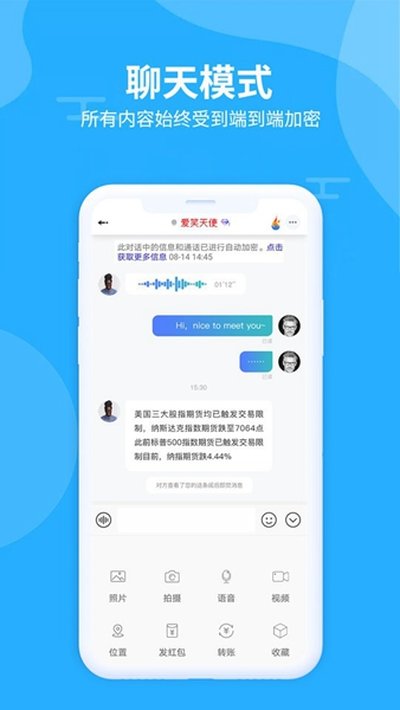 2、它用的是那种强度很高的商业级加密算法,对聊天数据进行端到端处理,说白了就是把你的隐私安全放在第一位。
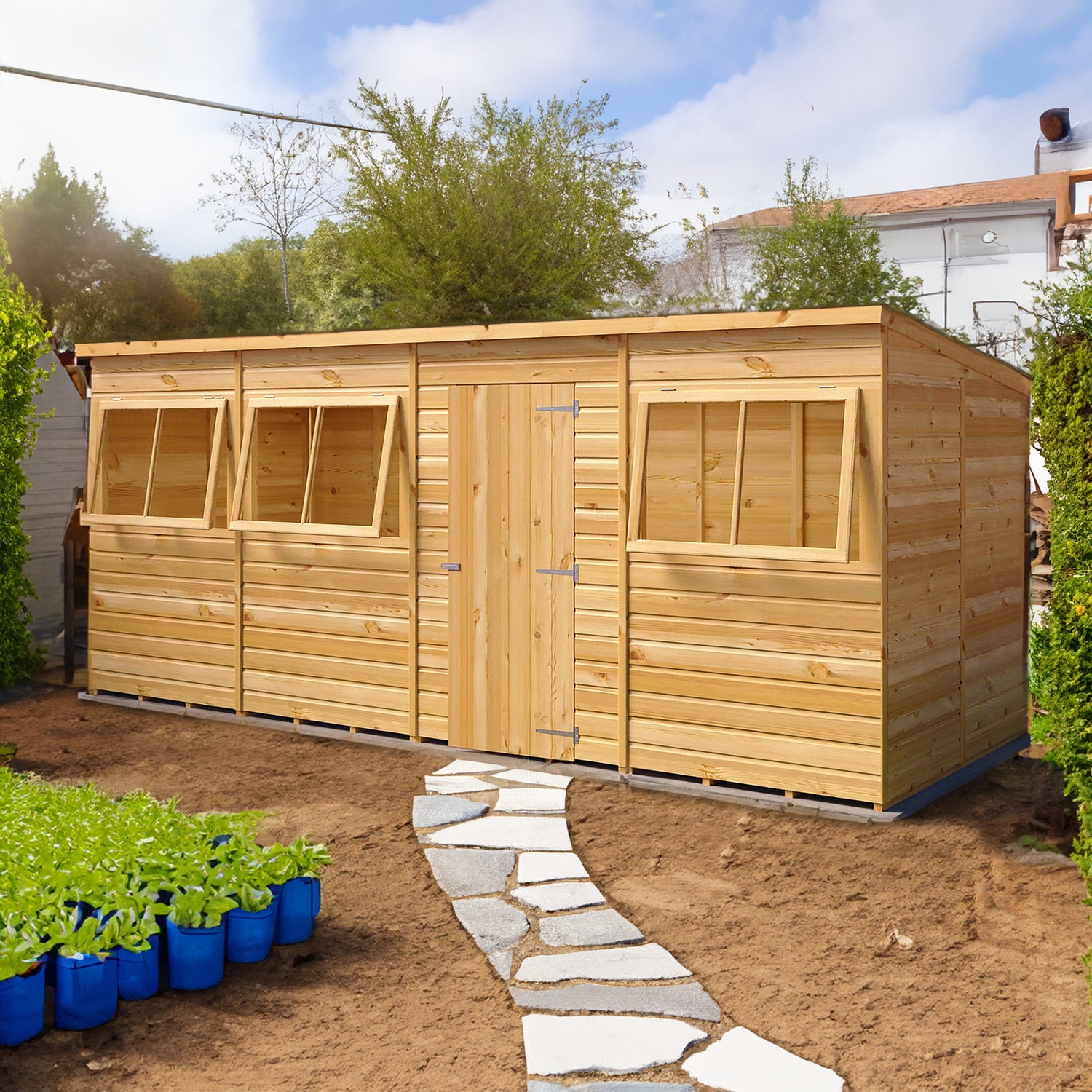 Compact garden shed ideal for all your tools, lawn mowers, bikes, toys; the list is endless! This Pent Shed has a joinery quality, storm resistant, opening glass window. Manufactured from high grade, FSC approved timber with 12mm shiplap tongue and groove cladding over sturdy 34mm square framing, OSB roof and T&G floor. A padlock friendly hasp & staple is supplied for the single door.
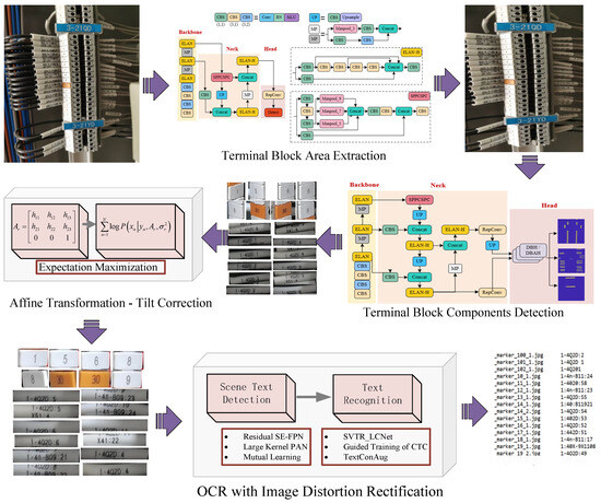 An example of the recognition results is shown in Figure 11, based on an actual photograph of a terminal block. The original photo in the figure is significantly affected by the background. After area localization using YOLOv7-AO, irrelevant background areas and severe distortions and obstructions on the left side of another terminal block are effectively eliminated. In the second layer of the model, DB is introduced. The YOLOv7-DBAH model, tailored for detecting small physical entities of terminal blocks, is used to locate all physical object boundary points under distorted shooting angles accurately, achieving good results. Finally, perspective technology is used to correct the distorted text information, enabling complete physical entities recognition.
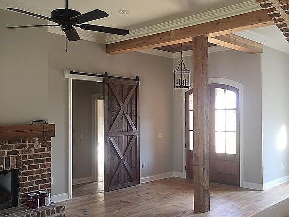 Custom 3 BR 2 BA Home with Farmhouse Accents throughout. Cedar Beams and Columns, Barn Door, Granite, Pine Floors Throughout, Farmhouse Sink, Extreme Master Bath with 2 Closets, Gated Subdivision, Clubhouse with Community Pool and Stocked Lake for Residents, Continuous Water Heater, Wall Oven, Exquisite Kitchen.
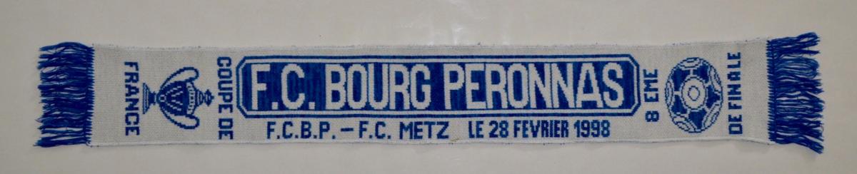 Écharpe Football du match de Coupe de France 1998 opposant le FC BOURG PERONNAS au FC METZ. Bon état.
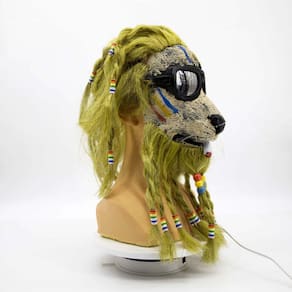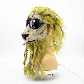 Material: Resina Tamanho: 45 x 25 cm Peso: 320 g Material: Resina Tamanho: 45 x 25 cm Peso: 320 g Feita de resina de alta qualidade, esta máscara de leão apresenta detalhes intrincados, incluindo uma juba amarela vibrante, óculos de sol e uma expressão divertida e divertida. Perfeito para cosplay, Halloween ou festas temáticas à fantasia, oferecendo uma visão ousada e bem-humorada da tradicional máscara animal. A máscara inclui miçangas coloridas e um design exclusivo com fios de crina com dreadlocks para uma aparência divertida e criativa do personagem. O tamanho único serve para a maioria dos adultos, garantindo um uso confortável em eventos e festas. Pesando apenas 320 g, é leve e durável, facilitando o uso por longos períodos sem desconforto.
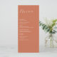 Uma bela design mostrando uma elegante tipografia de caligrafia com script em um fundo de laranja queimado em teracotta. Perfeito para quem ama designs modernos minimalistas. Um na moda e um design de cardápio de casamento com elementos clássicos. Os convites de casamento e outros artigos de papelaria também estão disponíveis.
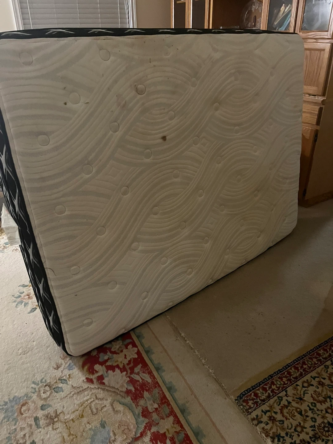 It’s a used mattress as seen in the photo. It has some visible stains and could use a cleaning but apart from that it’s very comfortable. You can have the box spring and frame as well. The frame is one of those metal frames under the box spring.
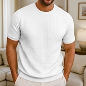 Men's Waffle Tee T Shirt Tee Short Sleeve Shirt Short Sleeve Crew Neck Summer All Seasons Plain Fashion Designer Basic Jacquard Vacation Street Casual Black White Top Tee for Men 6
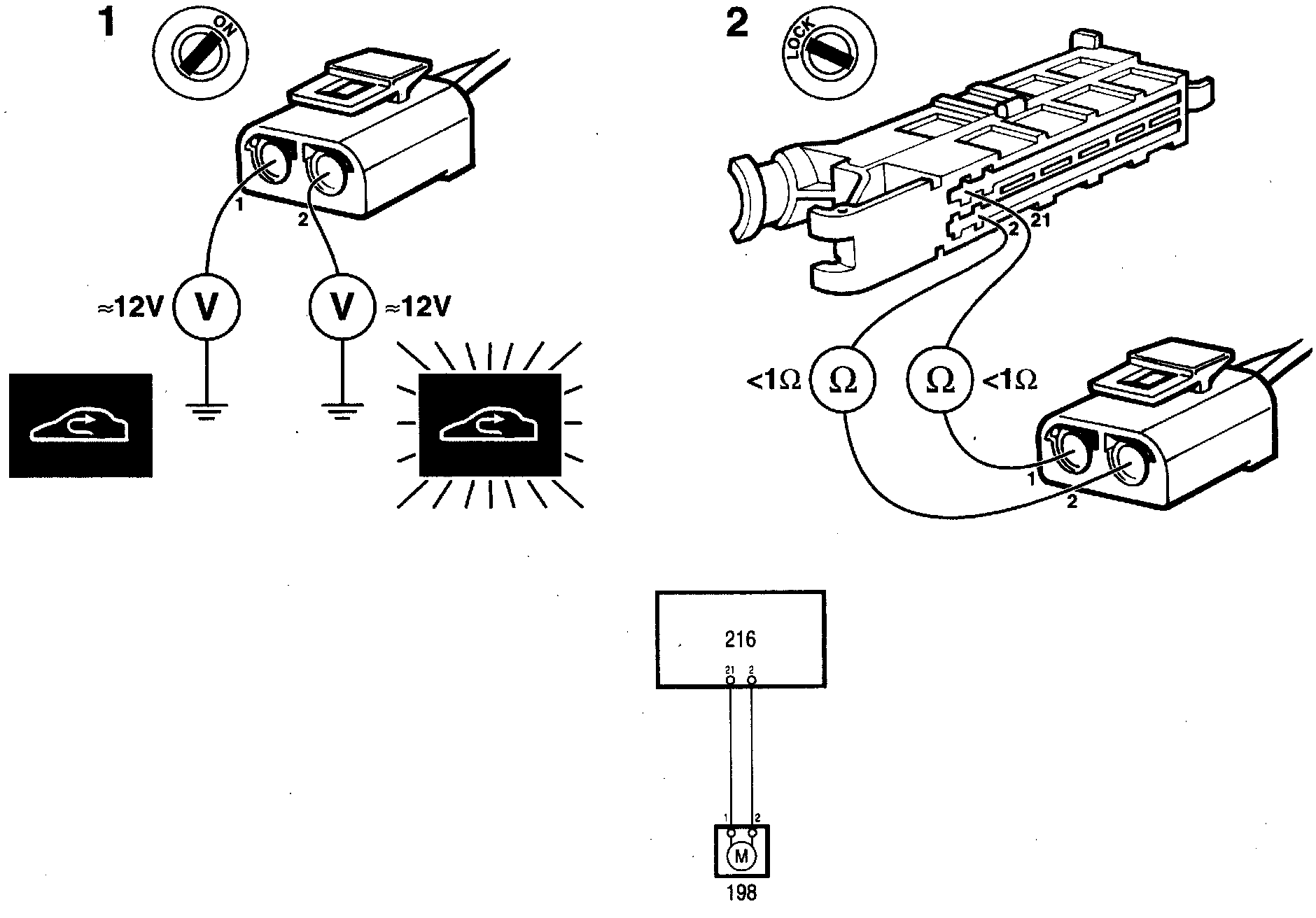 1 Unplug the recirculation motor's 2 pin connector. Measure voltage as follows:
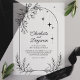 Celebrate your wedding with these black floral star modern arch wedding vellum invitations. Featuring an elegant floral design with shimmering stars and a sleek arch layout, this design combines modern sophistication with romantic charm. The translucent vellum overlay adds a luxurious and ethereal touch, making these invitations perfect for celestial, botanical, or contemporary wedding themes.
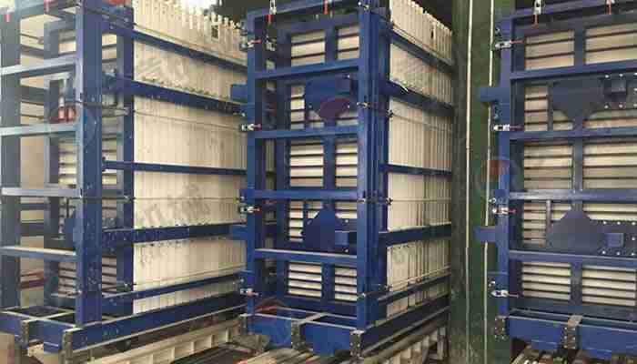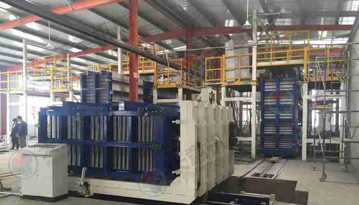 該復(fù)合墻板生產(chǎn)線立式旋轉(zhuǎn)臥式出板復(fù)合墻板成型機(jī),一次可生產(chǎn)四十塊墻板,該生產(chǎn)線主要分為:配料攪拌系統(tǒng)、墻板成型系統(tǒng)、液壓整體開模系統(tǒng)、液壓翻轉(zhuǎn)系統(tǒng)、整體出板翻轉(zhuǎn)碼垛系統(tǒng)、成型機(jī)自動(dòng)循環(huán)系統(tǒng)、變頻擺渡系統(tǒng)、數(shù)控配電系統(tǒng)等部件 組成。該生產(chǎn)線自動(dòng)化程度高,液壓開合模,解決了傳統(tǒng)立式復(fù)合墻板機(jī)人工開合安全隱患,提高了工作效率。設(shè)備配有整體出板碼垛系統(tǒng),解決了傳統(tǒng)人工出板方式,減少產(chǎn)品的破損率,提高了產(chǎn)能。生產(chǎn)線使用密封式泵送系統(tǒng)配備雙工位注漿槍,注漿速度快密實(shí)度高,材料粘結(jié)更緊密。

-- -- --

### Exercise directions
A clean copy is needed of the lines in the listing above from the one with "Compact garden shed" through the one with "An example of", exact in every word and free of pictures.

### Problem solution
 Compact garden shed ideal for all your tools, lawn mowers, bikes, toys; the list is endless! This Pent Shed has a joinery quality, storm resistant, opening glass window. Manufactured from high grade, FSC approved timber with 12mm shiplap tongue and groove cladding over sturdy 34mm square framing, OSB roof and T&G floor. A padlock friendly hasp & staple is supplied for the single door.
 An example of the recognition results is shown in Figure 11, based on an actual photograph of a terminal block. The original photo in the figure is significantly affected by the background. After area localization using YOLOv7-AO, irrelevant background areas and severe distortions and obstructions on the left side of another terminal block are effectively eliminated. In the second layer of the model, DB is introduced. The YOLOv7-DBAH model, tailored for detecting small physical entities of terminal blocks, is used to locate all physical object boundary points under distorted shooting angles accurately, achieving good results. Finally, perspective technology is used to correct the distorted text information, enabling complete physical entities recognition.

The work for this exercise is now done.